+++ PROVIDED INFORMATION +++

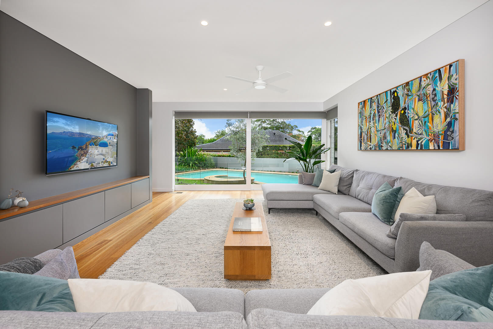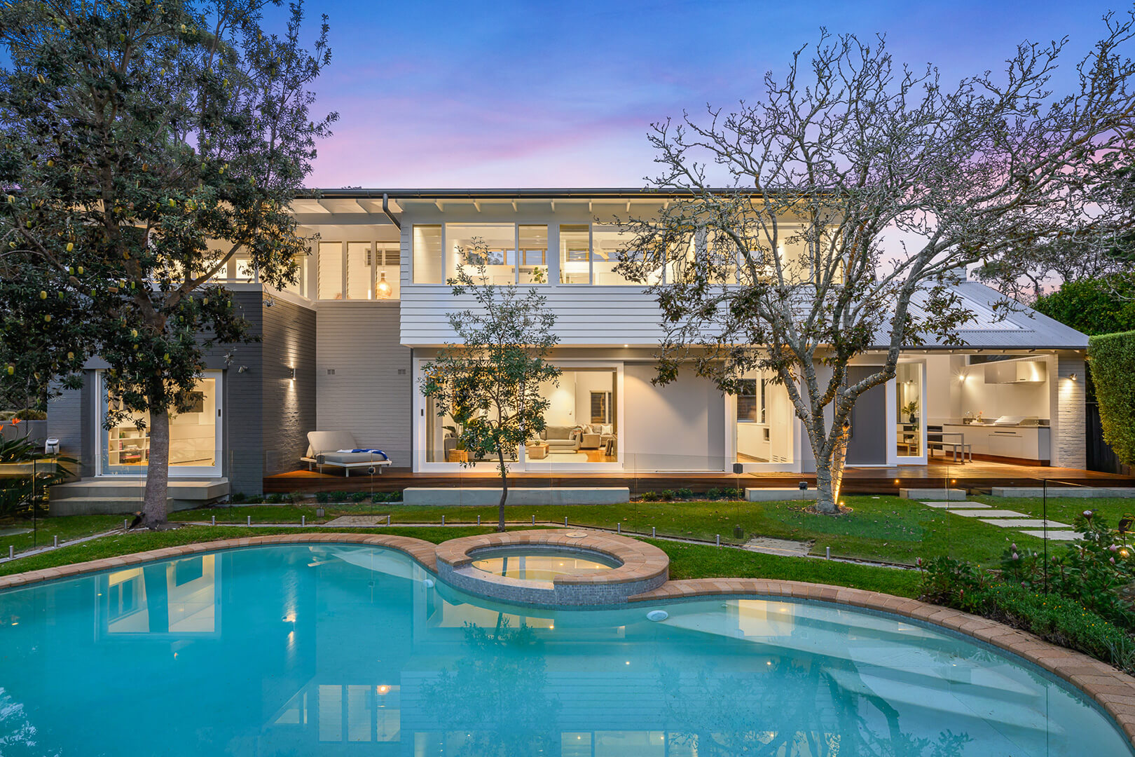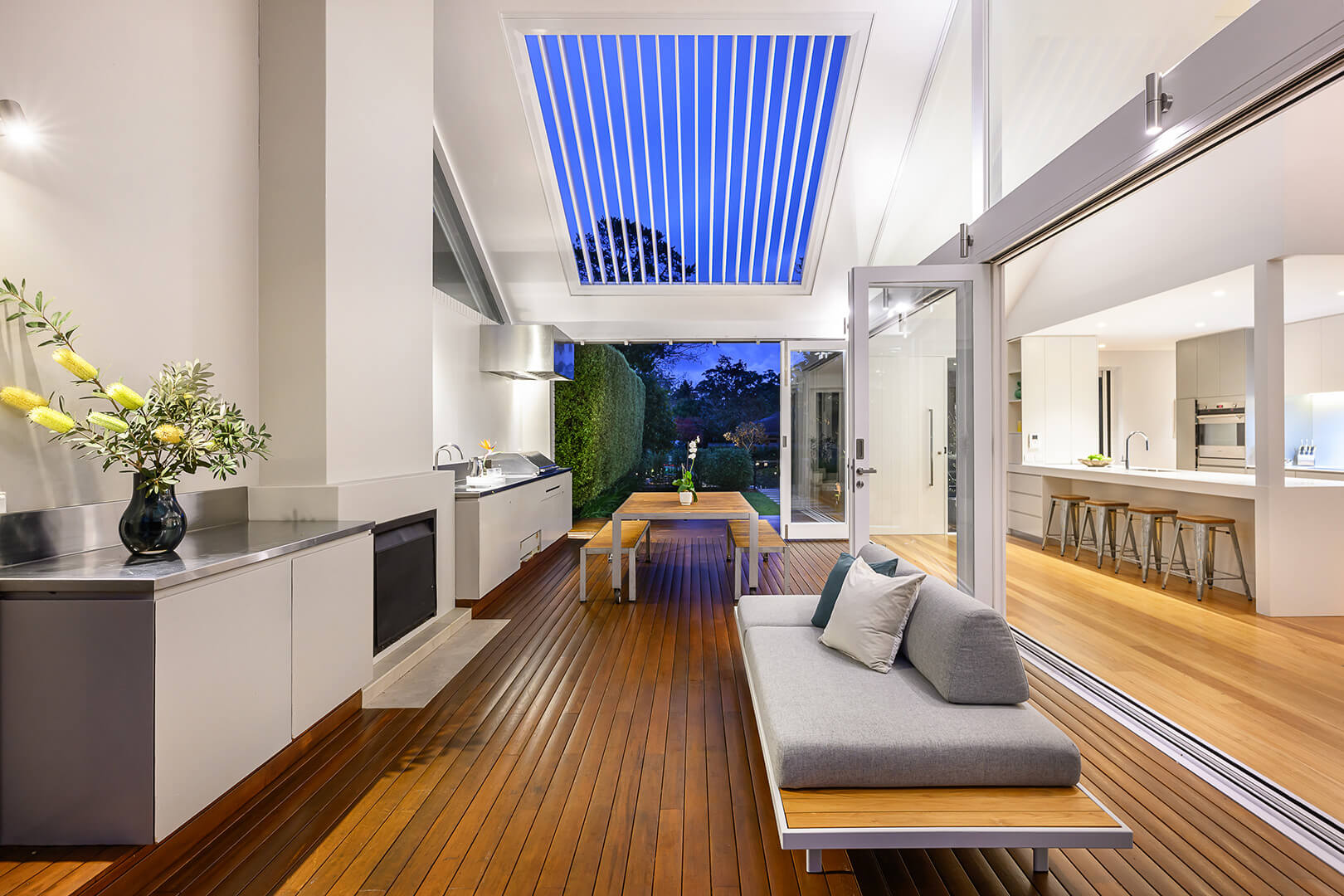 The project transformed a dated family home with existing tennis court and pool into a generous entertainer’s paradise.
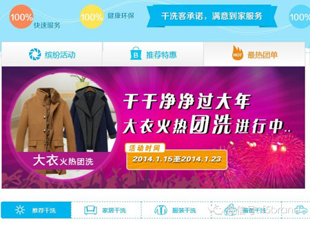 “干洗客”是 2013 年 12 月誕生于上海的網(wǎng)絡干洗服務。用戶通過干洗客網(wǎng)站 / 客戶端下單后,將由快遞員上門取送衣物,再送洗干洗客在上海的中央洗滌廠。整個過程一般控制在 48 小時以內(nèi)。服務類別不僅包括衣物,還涵蓋家居、箱包、車飾等類別。
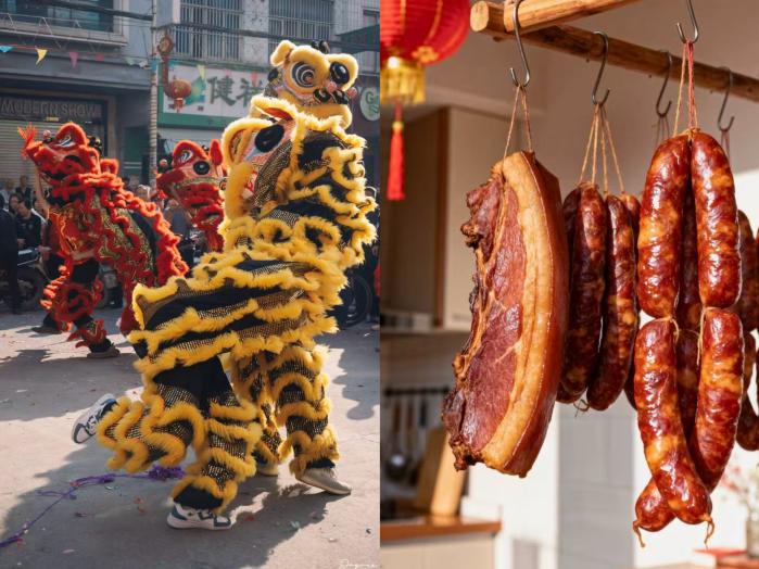 街头狮舞腾跃,金红瑞兽踏碎旧岁尘埃,锣鼓声震落枝头寒峭,鼓点与笑语交织成新春的序曲;悬垂的腊味泛着莹润光泽,在红灯笼的暖光里静静酝酿,将岁月的醇厚与团圆的期盼沉淀成舌尖的绵长。
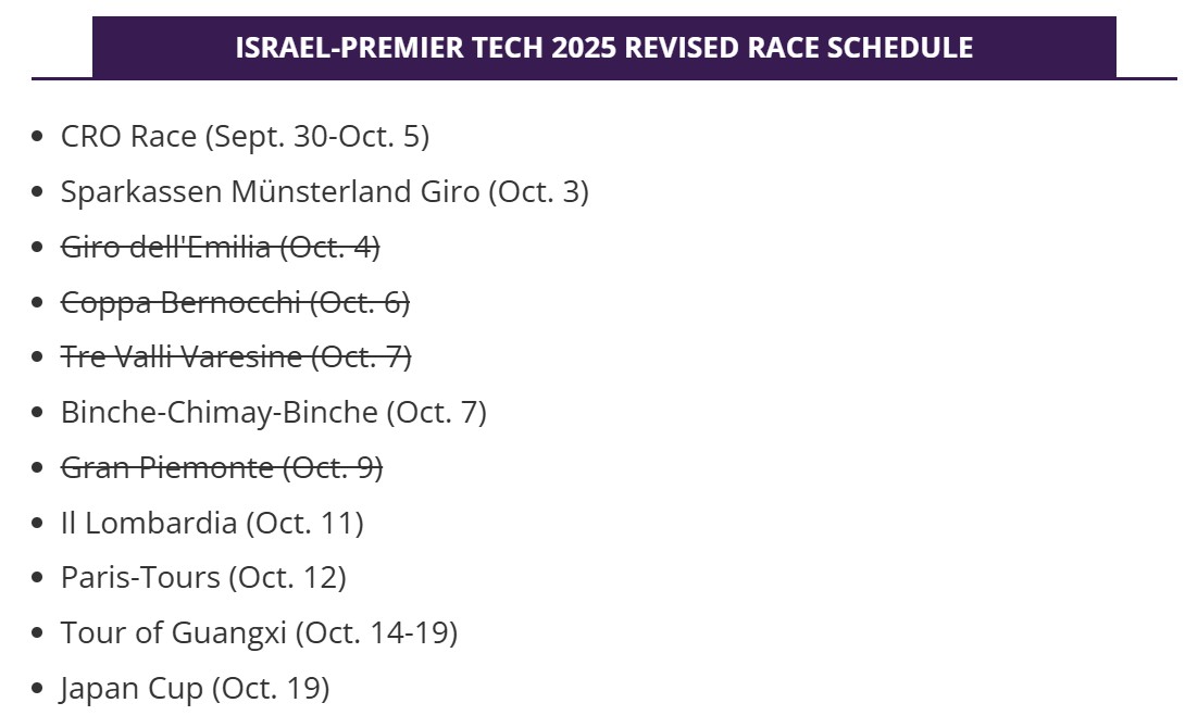Nell’infografica sottostante ripresa sempre da Cyclingnews è riportato il calendario rivisto delle gare 2025 che la IPT aveva, ha o avrebbe avuto in programma:
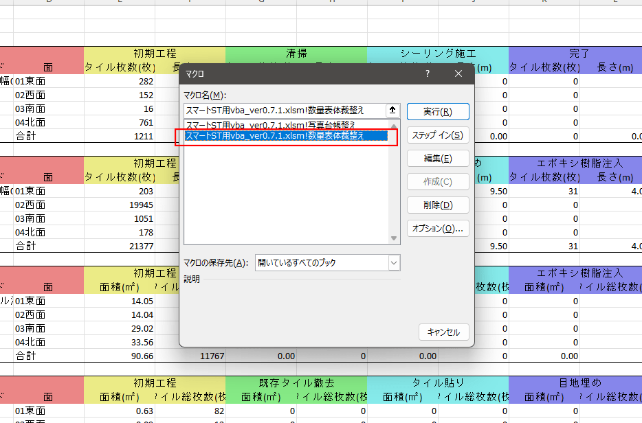 9.すると実行できるマクロが表示されるので「スマートST用vba_ver0.7.1.xlsm!数量表体裁整え」を選択し「実行」ボタンをクリックしてください。
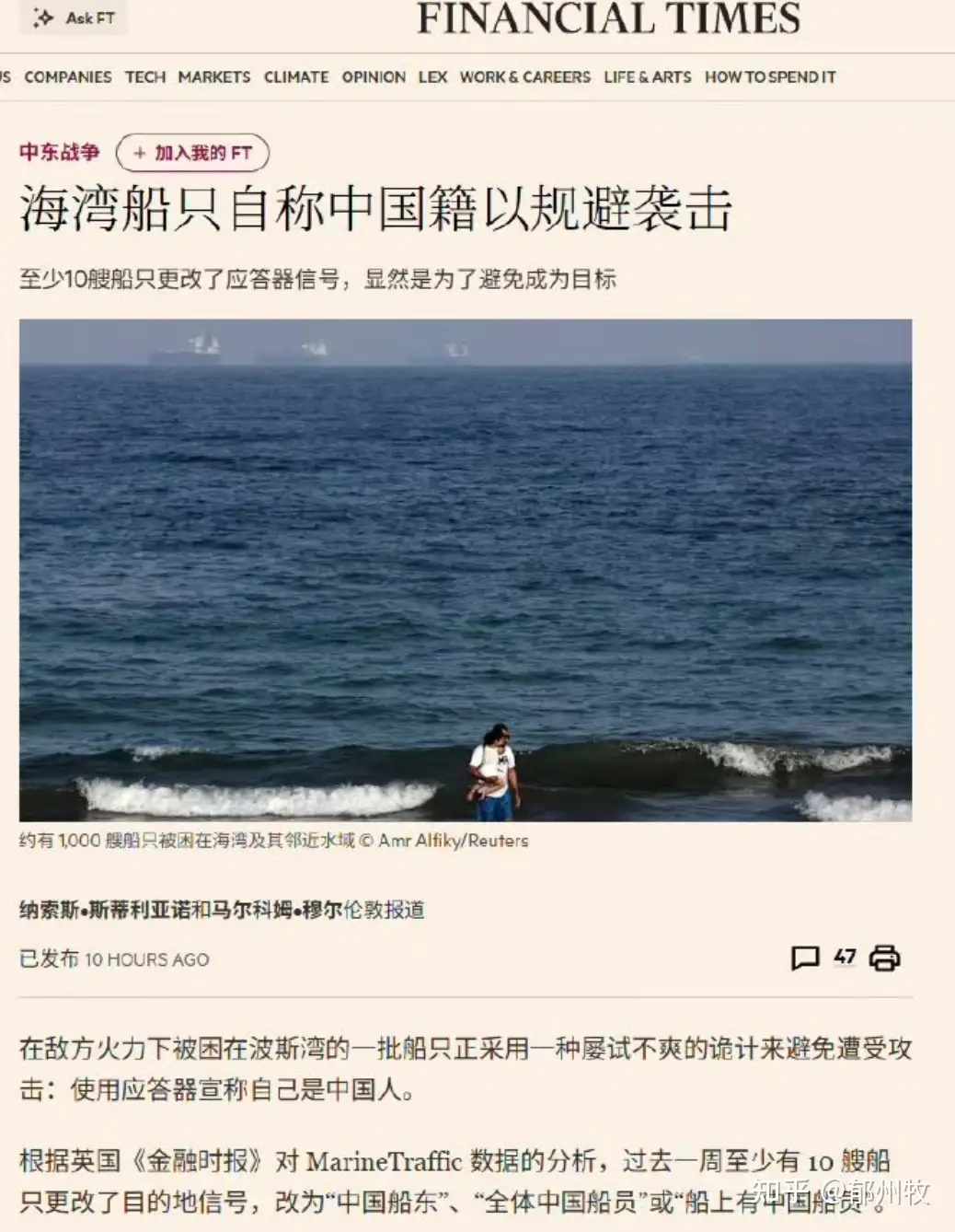 然后就是最经典的“becoming Chinese”时刻。《经济学人》杂志发文称,被伊朗火力困在霍尔木兹海峡的各国商船,正在采用一种屡试不爽的轨迹来避免遭受攻击:使用应答器宣称自己是中国人。
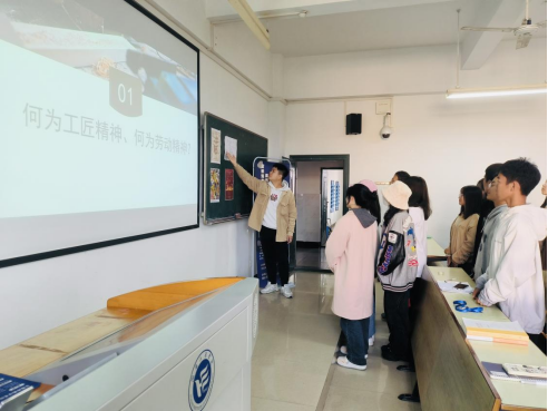 随后,回到教室通过PPT课件讲解、观看视频、海报设计等形式向员工们讲解了劳模的榜样力量,用劳模的先进事迹感召员工,用劳模的优秀品质引领风尚,让员工们深植“劳动光荣、技能宝贵、创造伟大”的观念,深刻感悟劳动精神的魅力和工匠精神的力量。市场营销2201班赵耀表示“这些先进人物创造了许多令人赞叹的成果。作为管院学子,我们要向他们学习,将劳模精神和工匠精神带到学习与生活中去”。
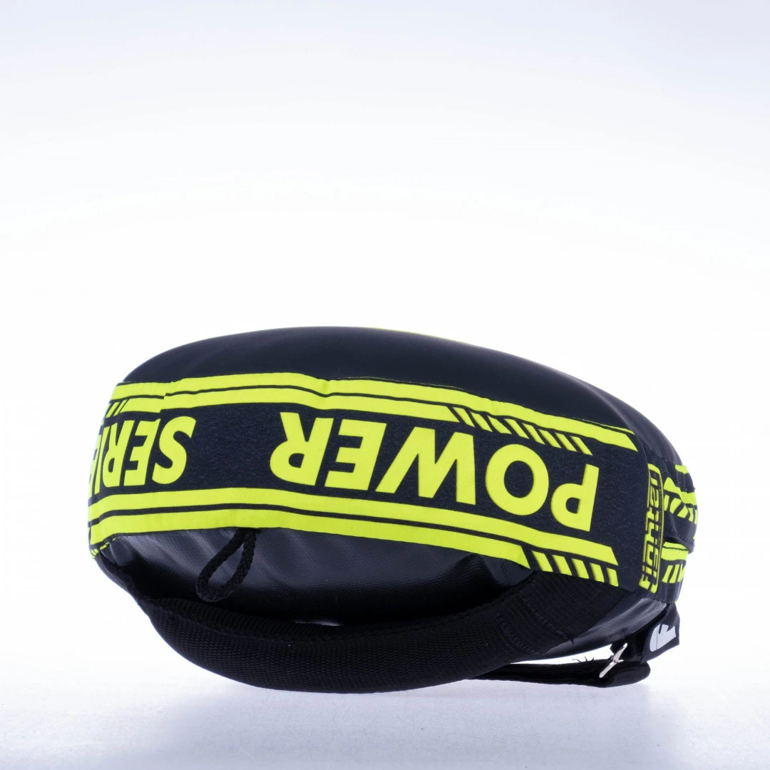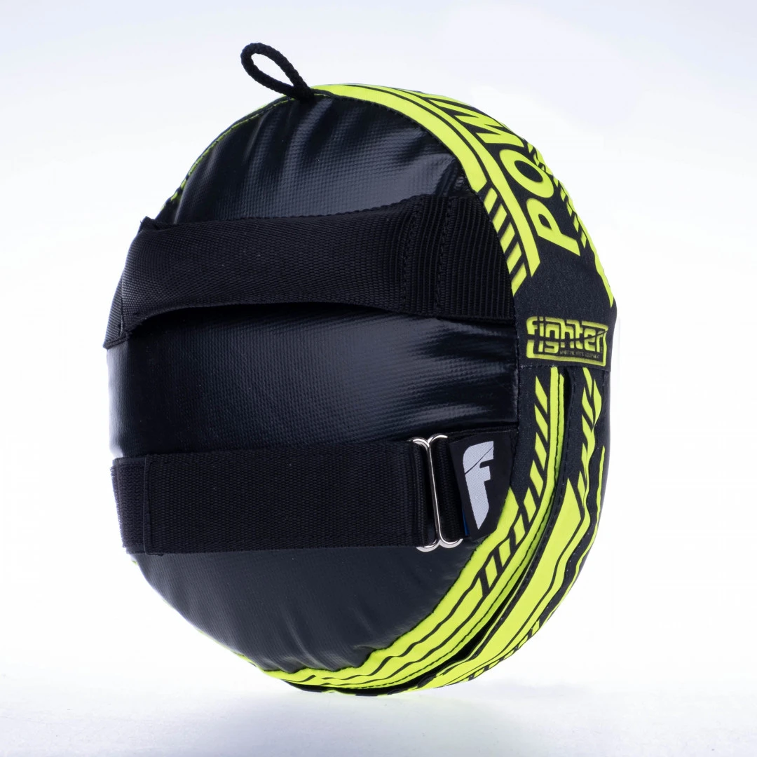 Fighter lapa kulatá Power Series - černá/neon nabízí nové tréninkové možnosti. Díky jednoduchému konstrukčnímu řešení, nízké váze a pevnosti použitých materiálů je tento výrobek vhodný k tréninku všech kopů a úderů, stejně tak k silovému, nebo rychlostnímu tréninku. Přední povrch lapy je vyroben z měkčené syntetické kůže. Výplň je řešena několika vrstvami PUR pěny a EVA pěny. Všechny tyto pěny jsou vyrobeny v EU. Unikátní drcená vrstva PUR pěny umístěná uprostřed lapy, dává výrobku maximální absorbční schopnost při jakémkoli kopu či úderu. všechny použité materiály jsou z EU vysoká životnost výrobku potisk ze strany je sublimovaný vyrobeno v České republice
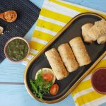 In a wok,heat cooking oil and fry potato samosa roll on low flame until golden.

+++

§ TASK OBJECTIVE
Every line from the first line of the entries above through the line with "街头狮舞腾跃,金红瑞兽踏碎旧" must be repeated exactly, and pictures must not be.

§ RESPONSE
 The project transformed a dated family home with existing tennis court and pool into a generous entertainer’s paradise.
 “干洗客”是 2013 年 12 月誕生于上海的網(wǎng)絡干洗服務。用戶通過干洗客網(wǎng)站 / 客戶端下單后,將由快遞員上門取送衣物,再送洗干洗客在上海的中央洗滌廠。整個過程一般控制在 48 小時以內(nèi)。服務類別不僅包括衣物,還涵蓋家居、箱包、車飾等類別。
 街头狮舞腾跃,金红瑞兽踏碎旧岁尘埃,锣鼓声震落枝头寒峭,鼓点与笑语交织成新春的序曲;悬垂的腊味泛着莹润光泽,在红灯笼的暖光里静静酝酿,将岁月的醇厚与团圆的期盼沉淀成舌尖的绵长。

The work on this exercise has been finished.